Data records

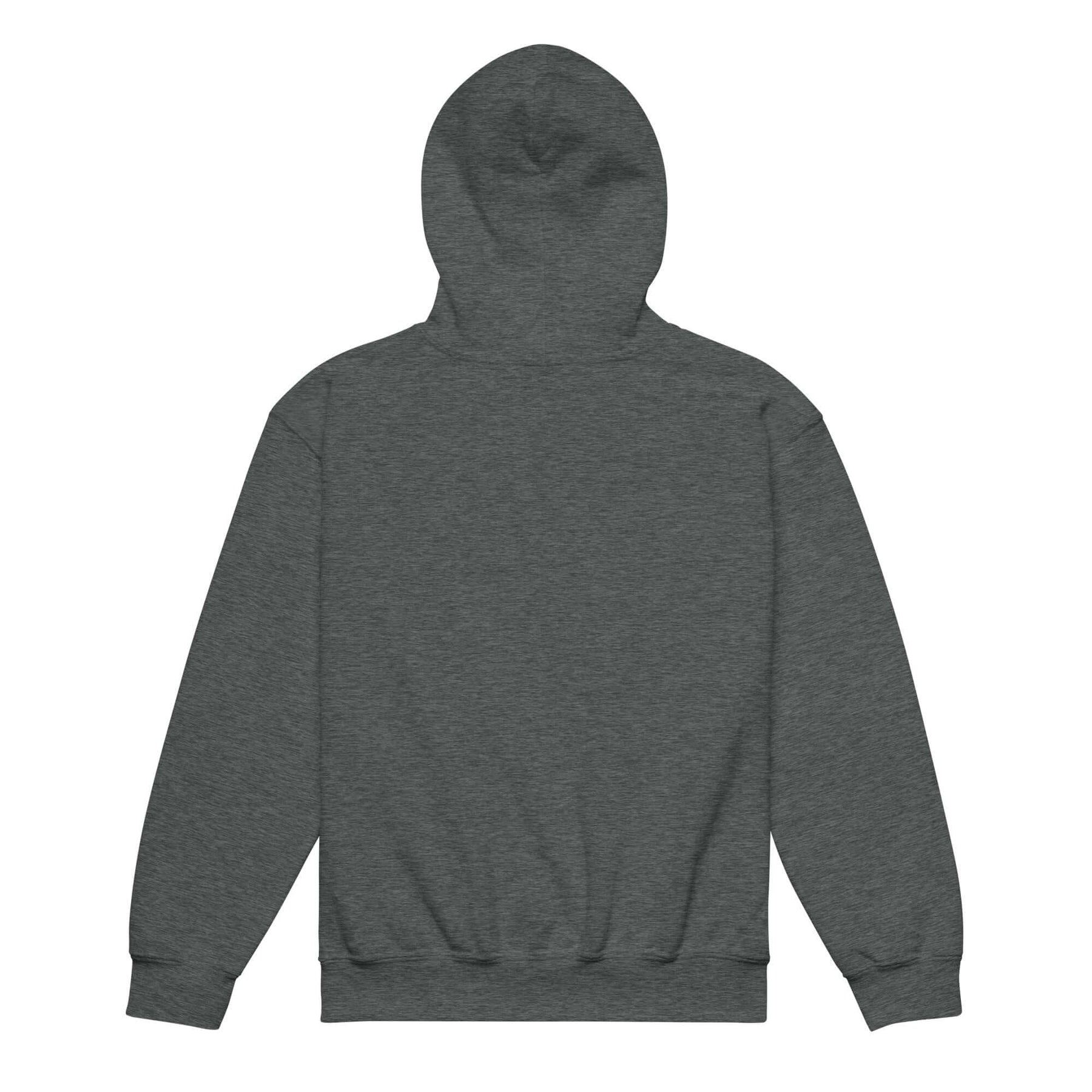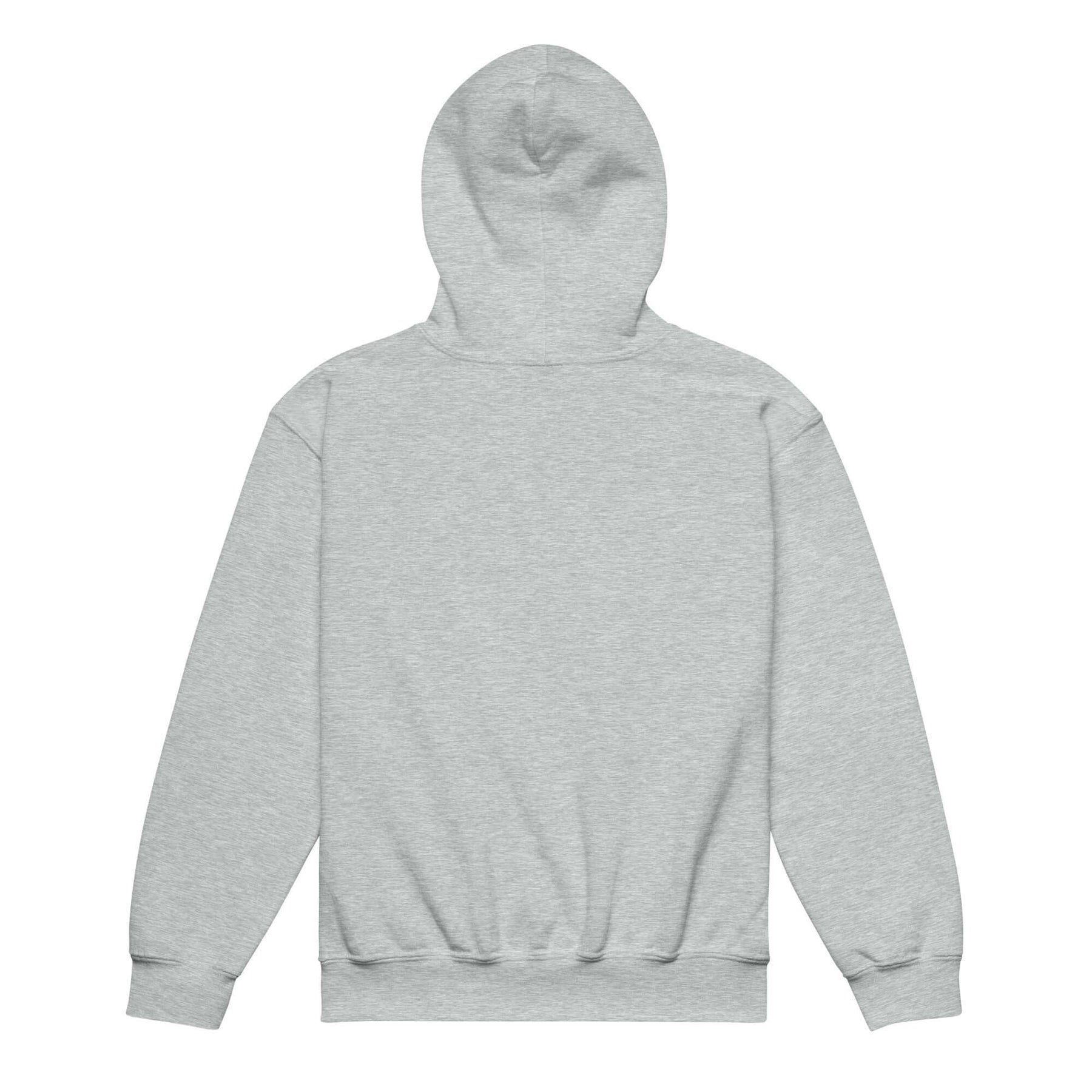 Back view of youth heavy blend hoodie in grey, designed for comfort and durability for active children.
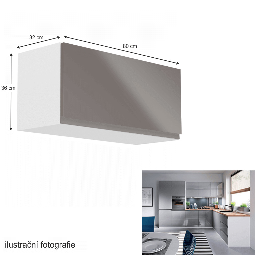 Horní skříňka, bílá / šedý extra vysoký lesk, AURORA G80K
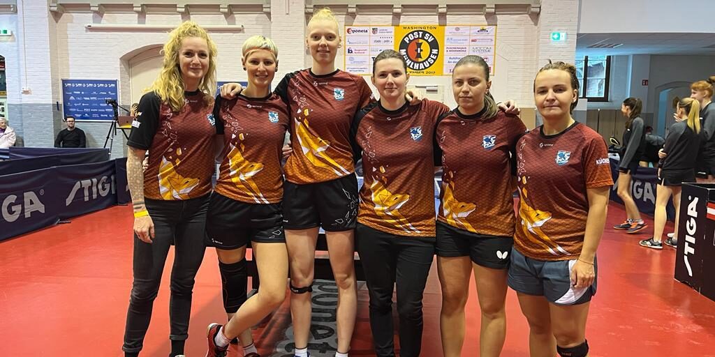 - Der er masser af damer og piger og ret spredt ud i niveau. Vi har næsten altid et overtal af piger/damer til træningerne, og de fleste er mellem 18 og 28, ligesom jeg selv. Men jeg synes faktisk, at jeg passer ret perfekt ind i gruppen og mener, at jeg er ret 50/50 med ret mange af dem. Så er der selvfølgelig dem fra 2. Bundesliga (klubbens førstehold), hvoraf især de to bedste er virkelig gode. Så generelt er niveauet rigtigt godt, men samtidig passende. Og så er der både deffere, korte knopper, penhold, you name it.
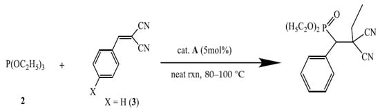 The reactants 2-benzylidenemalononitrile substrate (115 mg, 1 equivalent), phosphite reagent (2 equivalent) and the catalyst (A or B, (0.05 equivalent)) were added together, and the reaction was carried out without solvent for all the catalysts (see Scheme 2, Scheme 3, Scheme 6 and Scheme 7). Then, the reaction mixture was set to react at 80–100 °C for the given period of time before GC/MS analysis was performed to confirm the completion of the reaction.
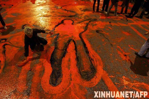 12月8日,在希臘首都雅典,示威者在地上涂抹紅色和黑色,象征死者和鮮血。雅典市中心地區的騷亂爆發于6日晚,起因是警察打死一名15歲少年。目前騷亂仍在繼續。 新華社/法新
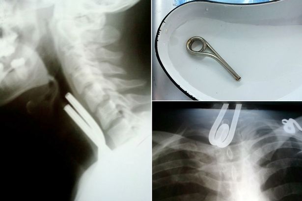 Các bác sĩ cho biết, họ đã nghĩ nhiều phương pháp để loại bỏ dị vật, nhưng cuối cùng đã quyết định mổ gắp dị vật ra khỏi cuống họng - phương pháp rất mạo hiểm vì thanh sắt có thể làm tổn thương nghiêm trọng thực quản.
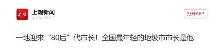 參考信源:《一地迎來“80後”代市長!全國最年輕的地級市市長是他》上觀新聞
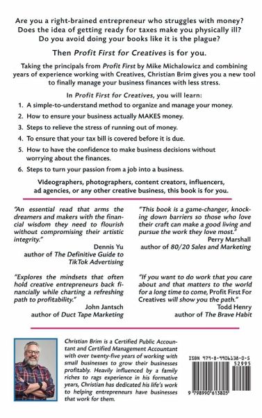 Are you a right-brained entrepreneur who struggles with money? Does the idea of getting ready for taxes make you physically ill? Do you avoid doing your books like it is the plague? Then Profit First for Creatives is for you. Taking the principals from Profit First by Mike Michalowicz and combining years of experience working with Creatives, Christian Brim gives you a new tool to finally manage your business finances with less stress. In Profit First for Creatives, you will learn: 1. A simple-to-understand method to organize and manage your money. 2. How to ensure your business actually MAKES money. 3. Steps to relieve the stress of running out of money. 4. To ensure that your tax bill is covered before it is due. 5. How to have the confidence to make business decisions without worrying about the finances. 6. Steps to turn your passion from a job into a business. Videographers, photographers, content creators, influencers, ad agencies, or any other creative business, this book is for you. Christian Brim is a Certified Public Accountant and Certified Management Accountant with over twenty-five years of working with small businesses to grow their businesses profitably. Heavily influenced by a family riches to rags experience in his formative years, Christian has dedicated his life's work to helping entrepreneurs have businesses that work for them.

*Task details*:
Images must not appear; print each record precisely as it reads.

*Result of this exercise*:
 Back view of youth heavy blend hoodie in grey, designed for comfort and durability for active children.
 Horní skříňka, bílá / šedý extra vysoký lesk, AURORA G80K
 - Der er masser af damer og piger og ret spredt ud i niveau. Vi har næsten altid et overtal af piger/damer til træningerne, og de fleste er mellem 18 og 28, ligesom jeg selv. Men jeg synes faktisk, at jeg passer ret perfekt ind i gruppen og mener, at jeg er ret 50/50 med ret mange af dem. Så er der selvfølgelig dem fra 2. Bundesliga (klubbens førstehold), hvoraf især de to bedste er virkelig gode. Så generelt er niveauet rigtigt godt, men samtidig passende. Og så er der både deffere, korte knopper, penhold, you name it.
 The reactants 2-benzylidenemalononitrile substrate (115 mg, 1 equivalent), phosphite reagent (2 equivalent) and the catalyst (A or B, (0.05 equivalent)) were added together, and the reaction was carried out without solvent for all the catalysts (see Scheme 2, Scheme 3, Scheme 6 and Scheme 7). Then, the reaction mixture was set to react at 80–100 °C for the given period of time before GC/MS analysis was performed to confirm the completion of the reaction.
 12月8日,在希臘首都雅典,示威者在地上涂抹紅色和黑色,象征死者和鮮血。雅典市中心地區的騷亂爆發于6日晚,起因是警察打死一名15歲少年。目前騷亂仍在繼續。 新華社/法新
 Các bác sĩ cho biết, họ đã nghĩ nhiều phương pháp để loại bỏ dị vật, nhưng cuối cùng đã quyết định mổ gắp dị vật ra khỏi cuống họng - phương pháp rất mạo hiểm vì thanh sắt có thể làm tổn thương nghiêm trọng thực quản.
 參考信源:《一地迎來“80後”代市長!全國最年輕的地級市市長是他》上觀新聞
 Are you a right-brained entrepreneur who struggles with money? Does the idea of getting ready for taxes make you physically ill? Do you avoid doing your books like it is the plague? Then Profit First for Creatives is for you. Taking the principals from Profit First by Mike Michalowicz and combining years of experience working with Creatives, Christian Brim gives you a new tool to finally manage your business finances with less stress. In Profit First for Creatives, you will learn: 1. A simple-to-understand method to organize and manage your money. 2. How to ensure your business actually MAKES money. 3. Steps to relieve the stress of running out of money. 4. To ensure that your tax bill is covered before it is due. 5. How to have the confidence to make business decisions without worrying about the finances. 6. Steps to turn your passion from a job into a business. Videographers, photographers, content creators, influencers, ad agencies, or any other creative business, this book is for you. Christian Brim is a Certified Public Accountant and Certified Management Accountant with over twenty-five years of working with small businesses to grow their businesses profitably. Heavily influenced by a family riches to rags experience in his formative years, Christian has dedicated his life's work to helping entrepreneurs have businesses that work for them.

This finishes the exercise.